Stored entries
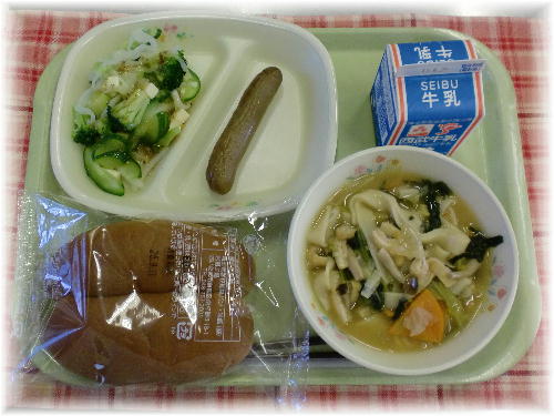 牛乳 黒パン 煮ぼうとう ウインナーソティ グリーンサラダ
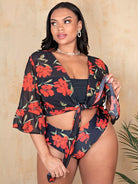 3pack Plus Floral Print Bikini Swimsuit With Kimono
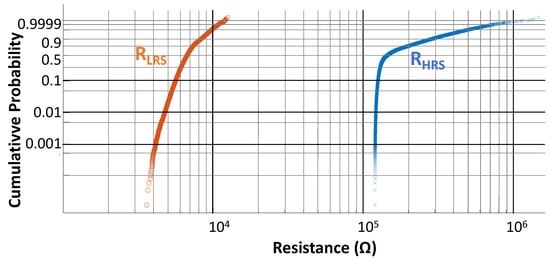 Although OxRAM-based devices have shown encouraging properties, challenges remain, among which device variability (or reproducibility) is the main [22]. In fact, variations of RHRS. and RLRS can be so unpredictable that they have been employed as an entropy source in True Random Number Generators (TRNG) [23,24]. Indeed, the variance from cycle to cycle (C2C) and from device to device (D2D) can be very large, directly impacting the memory cell HRS and LRS resistances. This inherent drawback of the technology has to be investigated to assess the multiple resistance levels capability of the considered OxRAM technology. To highlight the impact of variability on HRS and LRS resistances, a set of preliminary measurements are conducted. Before any SET/RST operations, the memory array is first formed. Then, memory cells are RST one by one to extract their HRS resistance. After RST, cells are SET to extract their LRS resistance. Figure 5 shows the cumulative probability plots obtained after 500 consecutive RST/SET cycles applied to the memory array (500 × 49 cells). As the same memory array is programed 500 times, both D2D and C2C variabilities are captured. A 0.1 V READ bias voltage is used to extract RLRS and RHRS distributions. Figure 5 shows that variability has a huge impact on HRS and LRS resistances. The HRS distribution spread is more pronounced compared to the LRS spread, which is a common feature of OxRAM technologies [25]. These experimental results clearly indicate that the variability of the OxRAM technology needs to be accounted to implement multilevel cell operations.
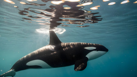 A majestic Orca (Killer Whale) swimming just below the ocean surface, with sunlight reflecting off its sleek black and white body. The underwater perspective captures the grace and power of this apex predator.
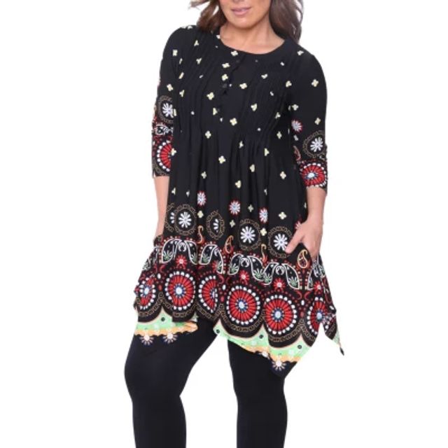 White Mark Plus Womens 3/4 Sleeve Tunic Top
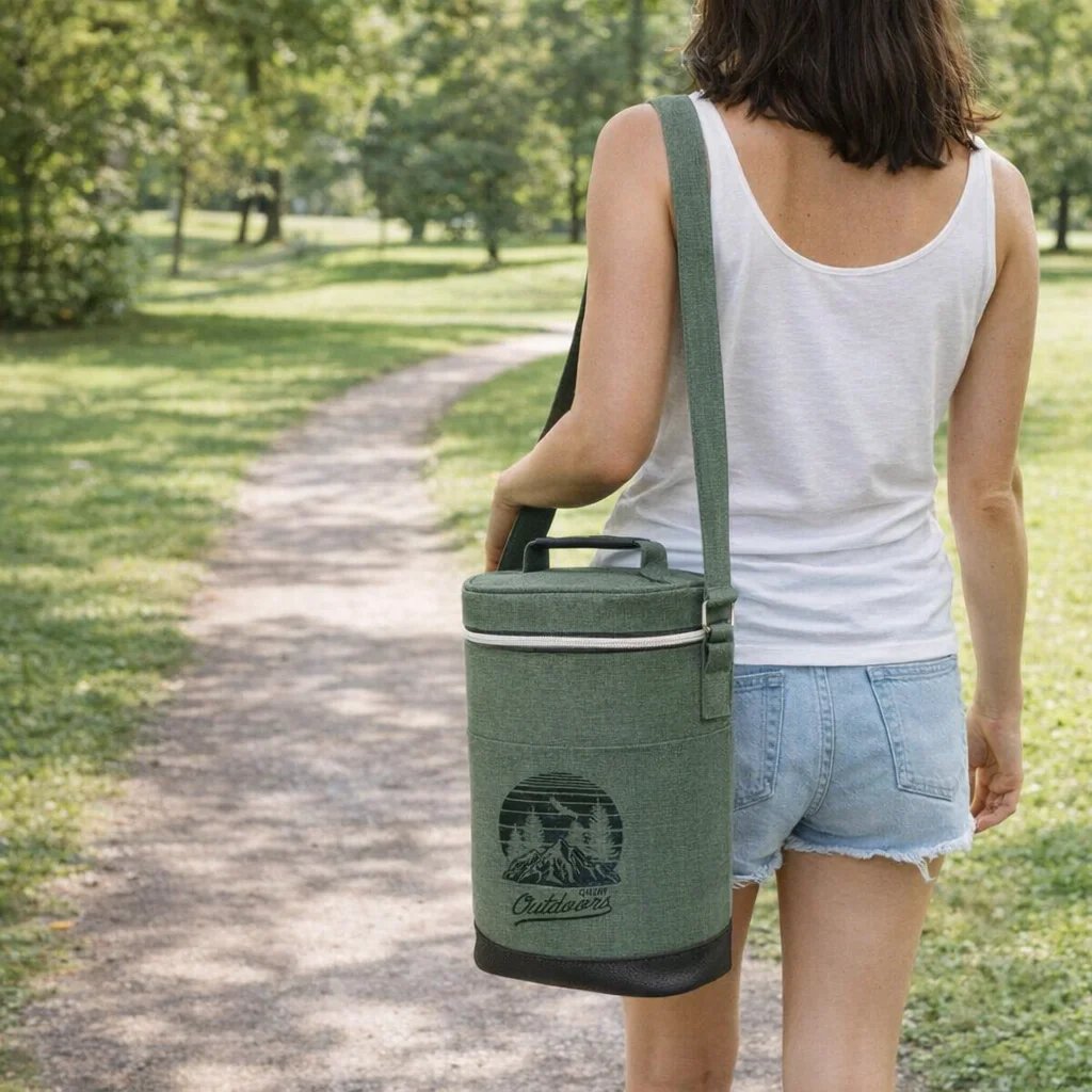 With an adjustable shoulder strap and a convenient carry handle, this bag is easy to transport, while the slip pocket on the front adds extra functionality. The top closure is secured with a sleek electroplated silver zip, combining practicality with a touch of elegance. This wine chiller bag is not just a practical accessory; it’s a stylish statement piece that can elevate your brand’s presence at events.
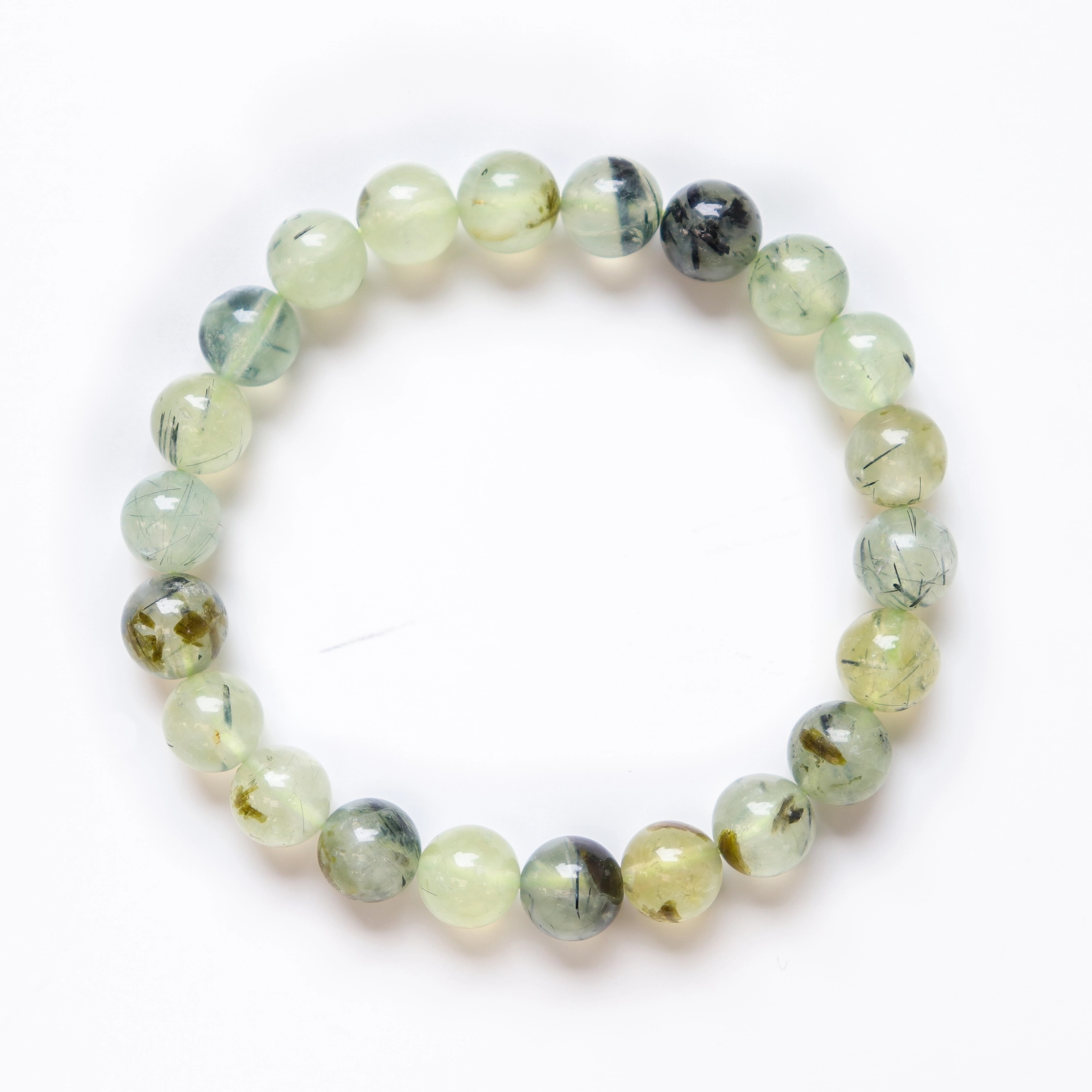 A unique blend of energies with our Epidote in Prehnite with Black Tourmaline Round Beaded Bracelet, featuring 8mm beads that combine the nurturing green of Prehnite, the grounding force of Black Tourmaline, and the transformative power of Epidote.
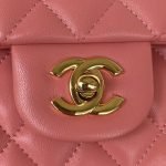 This medium classic double flap bag is crafted in dark pink lambskin with light gold hardware, front flap with signature CC turnlock closure, half-moon back pocket, adjustable light gold interwoven chain and dark pink leather shoulder strap.
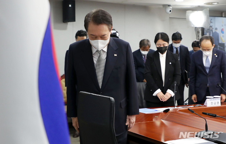 [서울=뉴시스] 홍효식 기자 = 윤석열 대통령이 7일 서울 용산 대통령실 청사에서 열린 국가안전시스템 점검회의에서 이태원 참사 희생자에 대한 묵념을 하고 있다. 2022.11.07. [email protected]
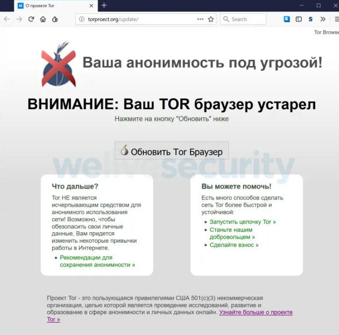 ตามที่ ESET รายงาน เจ้าเว็บไซต์ปลอมเหล่านี้จะมีการแสดงข้อความบอกผู้ใช้เบราว์เซอร์ Tor ของพวกเค้านั้นเป็นรุ่นเก่า แม้ว่าพวกเขาจะมีเวอร์ชั่นล่าสุดติดตั้งอยู่ก็ตาม และจะเสนอให้ดาวน์โหลดเวอร์ชันปลอมที่มีมัลแวร์แอบแฝงอยู่
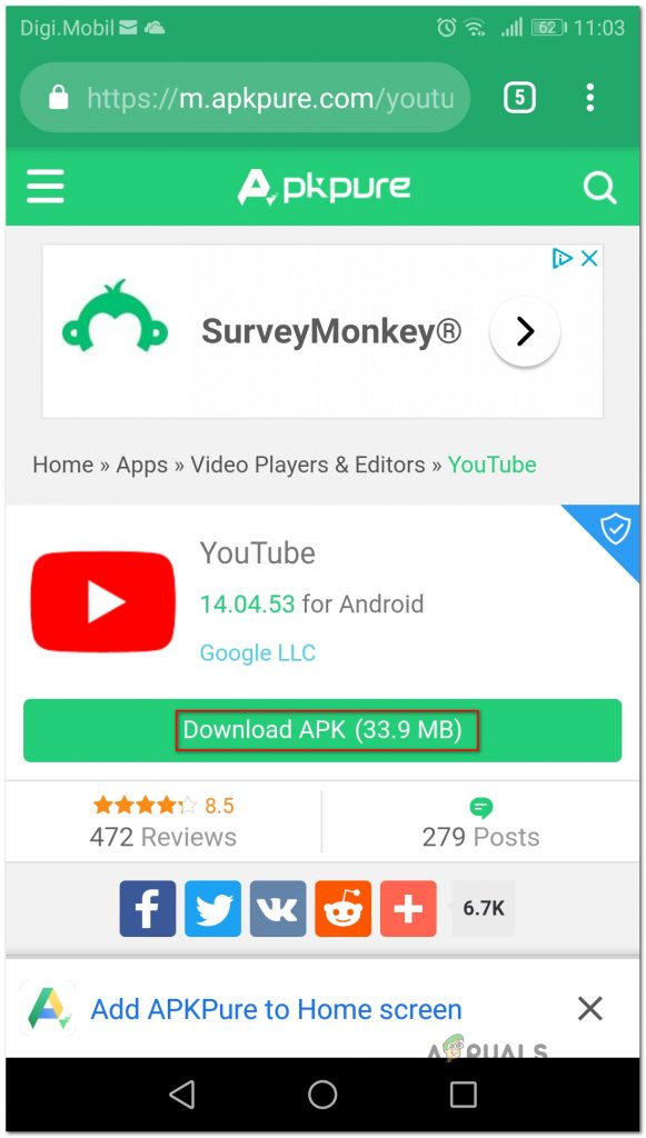If none of the potential fixes above worked for you, you might want to start considering the possibility of using a third party service to install or update the application that is failing with the ‘Error Code 910’. This procedure will be effective in those scenarios where the issue is caused by some kind of incompatibility or because your current Android version does not support the latest application update.
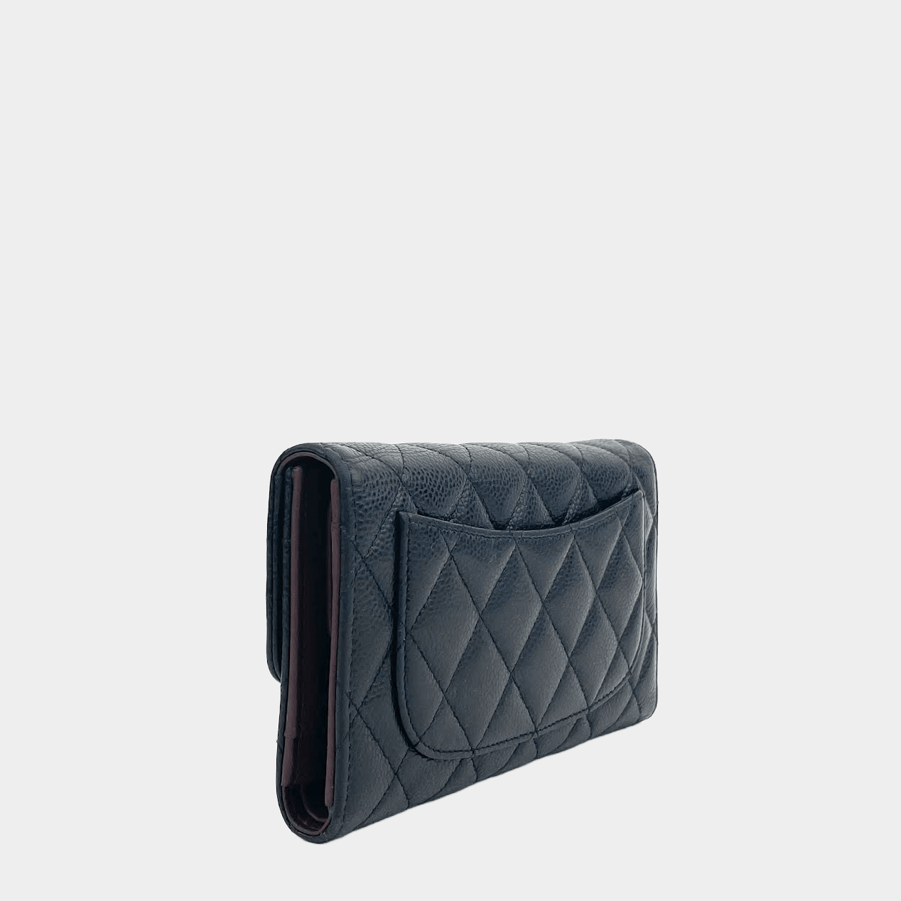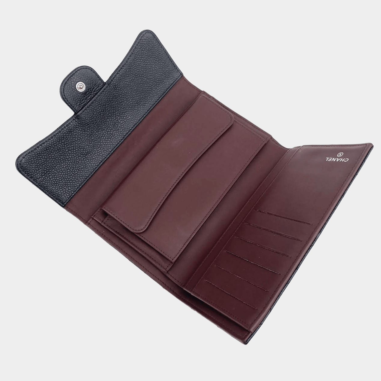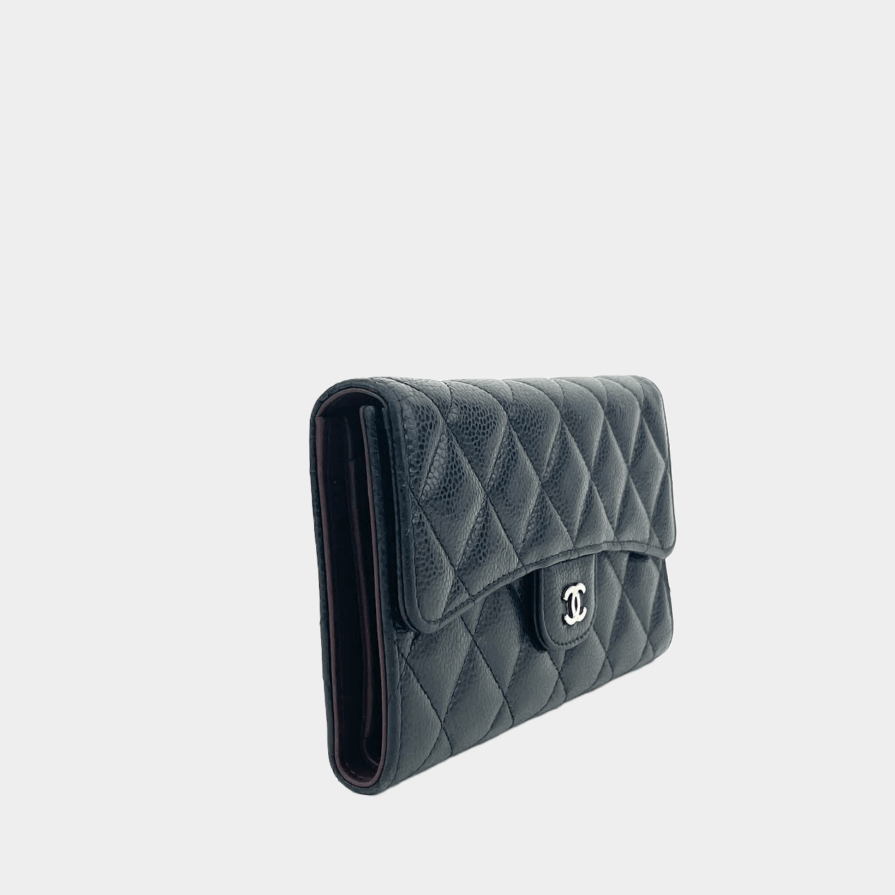 CHANEL Quilted L- Gusset Trifold Wallet-Black Caviar

▶ **EXERCISE AIM**: Every entry, word for word: repeat it, but skip the images.

▶ **EXPECTED ANSWER**:
 牛乳 黒パン 煮ぼうとう ウインナーソティ グリーンサラダ
 3pack Plus Floral Print Bikini Swimsuit With Kimono
 Although OxRAM-based devices have shown encouraging properties, challenges remain, among which device variability (or reproducibility) is the main [22]. In fact, variations of RHRS. and RLRS can be so unpredictable that they have been employed as an entropy source in True Random Number Generators (TRNG) [23,24]. Indeed, the variance from cycle to cycle (C2C) and from device to device (D2D) can be very large, directly impacting the memory cell HRS and LRS resistances. This inherent drawback of the technology has to be investigated to assess the multiple resistance levels capability of the considered OxRAM technology. To highlight the impact of variability on HRS and LRS resistances, a set of preliminary measurements are conducted. Before any SET/RST operations, the memory array is first formed. Then, memory cells are RST one by one to extract their HRS resistance. After RST, cells are SET to extract their LRS resistance. Figure 5 shows the cumulative probability plots obtained after 500 consecutive RST/SET cycles applied to the memory array (500 × 49 cells). As the same memory array is programed 500 times, both D2D and C2C variabilities are captured. A 0.1 V READ bias voltage is used to extract RLRS and RHRS distributions. Figure 5 shows that variability has a huge impact on HRS and LRS resistances. The HRS distribution spread is more pronounced compared to the LRS spread, which is a common feature of OxRAM technologies [25]. These experimental results clearly indicate that the variability of the OxRAM technology needs to be accounted to implement multilevel cell operations.
 A majestic Orca (Killer Whale) swimming just below the ocean surface, with sunlight reflecting off its sleek black and white body. The underwater perspective captures the grace and power of this apex predator.
 White Mark Plus Womens 3/4 Sleeve Tunic Top
 With an adjustable shoulder strap and a convenient carry handle, this bag is easy to transport, while the slip pocket on the front adds extra functionality. The top closure is secured with a sleek electroplated silver zip, combining practicality with a touch of elegance. This wine chiller bag is not just a practical accessory; it’s a stylish statement piece that can elevate your brand’s presence at events.
 A unique blend of energies with our Epidote in Prehnite with Black Tourmaline Round Beaded Bracelet, featuring 8mm beads that combine the nurturing green of Prehnite, the grounding force of Black Tourmaline, and the transformative power of Epidote.
 This medium classic double flap bag is crafted in dark pink lambskin with light gold hardware, front flap with signature CC turnlock closure, half-moon back pocket, adjustable light gold interwoven chain and dark pink leather shoulder strap.
 [서울=뉴시스] 홍효식 기자 = 윤석열 대통령이 7일 서울 용산 대통령실 청사에서 열린 국가안전시스템 점검회의에서 이태원 참사 희생자에 대한 묵념을 하고 있다. 2022.11.07. [email protected]
 ตามที่ ESET รายงาน เจ้าเว็บไซต์ปลอมเหล่านี้จะมีการแสดงข้อความบอกผู้ใช้เบราว์เซอร์ Tor ของพวกเค้านั้นเป็นรุ่นเก่า แม้ว่าพวกเขาจะมีเวอร์ชั่นล่าสุดติดตั้งอยู่ก็ตาม และจะเสนอให้ดาวน์โหลดเวอร์ชันปลอมที่มีมัลแวร์แอบแฝงอยู่
If none of the potential fixes above worked for you, you might want to start considering the possibility of using a third party service to install or update the application that is failing with the ‘Error Code 910’. This procedure will be effective in those scenarios where the issue is caused by some kind of incompatibility or because your current Android version does not support the latest application update.
 CHANEL Quilted L- Gusset Trifold Wallet-Black Caviar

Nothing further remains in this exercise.